At the time, the Post noted that the Governor was already rarely using the cell phone that was provided by the taxpayers specifically intended for state business. Instead, Ritter was apparently conducting the majority of his state-business phone calls on his private cell phone. The move allowed him to keep his government-related phone calls shielded from the public after subsequent court rulings said the state’s open records act did not apply to a privately paid-for phone.
Nearly all calls (logs of inbound and outbound calls) made on the government-issued phone would be open record under the Colorado Open Records Act (CORA). However, the Denver Post noted that even the bill for the Governor’s government-issued cell phone did not have a call-by-call itemization log.
“It’s nice that the Governor is saving the people a few hundred bucks a year by deactivating this government cell phone,” said Independence Institute President Jon Caldara. “But if it means a more open and transparent government, I’d rather he spend the money instead of creating and then exploiting an apparent loophole in the open records act that will potentially set a precedent for other government officials all across Colorado. But to use a poker term, the Governor went ‘all-in’ regarding this dispute with the Post. By deactivating his government cell-phone, he was thumbing his nose at the Post, and also to the state’s open records law.”

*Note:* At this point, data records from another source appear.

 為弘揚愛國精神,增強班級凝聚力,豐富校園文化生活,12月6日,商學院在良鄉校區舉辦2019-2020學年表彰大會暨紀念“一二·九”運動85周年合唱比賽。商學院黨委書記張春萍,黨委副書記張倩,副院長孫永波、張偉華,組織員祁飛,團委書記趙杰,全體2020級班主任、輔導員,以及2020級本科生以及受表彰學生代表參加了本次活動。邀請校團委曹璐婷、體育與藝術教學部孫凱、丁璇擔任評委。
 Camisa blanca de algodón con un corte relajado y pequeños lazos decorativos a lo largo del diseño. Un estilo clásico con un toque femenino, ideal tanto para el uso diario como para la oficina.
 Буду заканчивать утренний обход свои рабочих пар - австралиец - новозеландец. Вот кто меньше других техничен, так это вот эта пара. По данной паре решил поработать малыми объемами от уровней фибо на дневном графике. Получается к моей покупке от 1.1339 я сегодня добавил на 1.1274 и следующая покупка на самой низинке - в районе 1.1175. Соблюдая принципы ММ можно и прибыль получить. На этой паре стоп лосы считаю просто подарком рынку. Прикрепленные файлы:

The Governor’s office did not respond to emails regarding this story.
The Denver Post declined comment for this story because they are still litigating the case against the Governor. However, shortly after Governor Ritter announced he would not seek re-election in 2010, Post publisher Dean Singleton commented on the case while speaking on the “Caplis and Silverman” radio show on 630 KHOW. “It is absolutely imperative that government be carried out in the open, and it is clearly not right for any politician to conduct government business on his personal cell phone, and not have it available for the public to see,” Singleton told the radio show. “That is a basic disagreement that we have with Governor Ritter, and we think if that decision were allowed to stand, that, you know, every public official in Colorado and elsewhere would just go start doing business on their private cell phones and that is wrong. Government needs to be transparent to all. And, it’s a principle issue for those of us in the press.”
Accessing phone records can be crucial to understanding how certain governments or government officials go about their business on any given day. For example, phone records and logs obtained by reporter Karen Crummy of the Denver Post raised serious questions about Stephanie Villafuerte’s involvement in the Cory Voorhis scandal.

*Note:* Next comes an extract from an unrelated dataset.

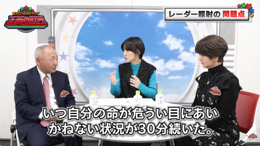 30分間レーダーを照射した今回は「捜索レーダーだと30分集中的にやる必要はないわけですよね。やっぱり、狙ってるということですよね」と解説する。さらに、「僕はおそらく戦闘機の方は警報が鳴って射撃管制レーダーが照射されたという、そういう証拠もつかみ判断もしたと思います」と語った。

The issue of open records and privately paid-for cell phones has recently become an issue in other states as well. In 2008, a student of Oklahoma State University discovered that hundreds of University officials were conducting university business on their personal cell phones, and using that as a basis to deny access to the phone records. OSU journalism professor Joey Senat said, “The notion put forth by OSU poses a serious threat to open government because it contains no limiting principle. If a record is secret because it’s on the mayor’s iPhone, then so are documents on the mayor’s own laptop even if he’s conducting the public’s business on it while seated at his office desk.”

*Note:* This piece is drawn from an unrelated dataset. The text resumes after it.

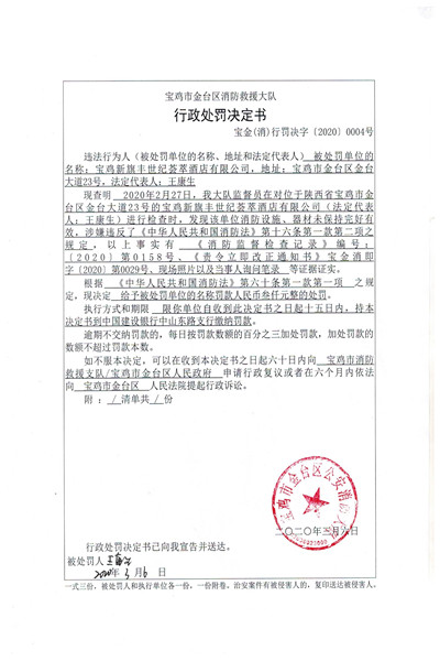 给予宝鸡新旗丰世纪荟萃酒店有限公司罚款人民币叁万元整的处罚

About one year later, Oklahoma Attorney General Drew Edmonson issued a binding opinion on the matter, saying, “People who use their personal PC’s (personal computers) or personal phones to conduct public business, there’s nothing improper about that, but the records that are generated on those instruments fall within the (Oklahoma) Open Records Act, and need to be preserved, unless they are otherwise deemed confidential, and need to be turned over upon request.”
“Maybe the Ritter Administration will one day regret the precedent they are setting when a Republican holds the Governorship, and the new Governor and their staff hide all of their activity thanks to the hard work of Mr. Ritter,” Caldara added. “But if this precedent is upheld by the Supreme Court, then the legislature may have to get involved.”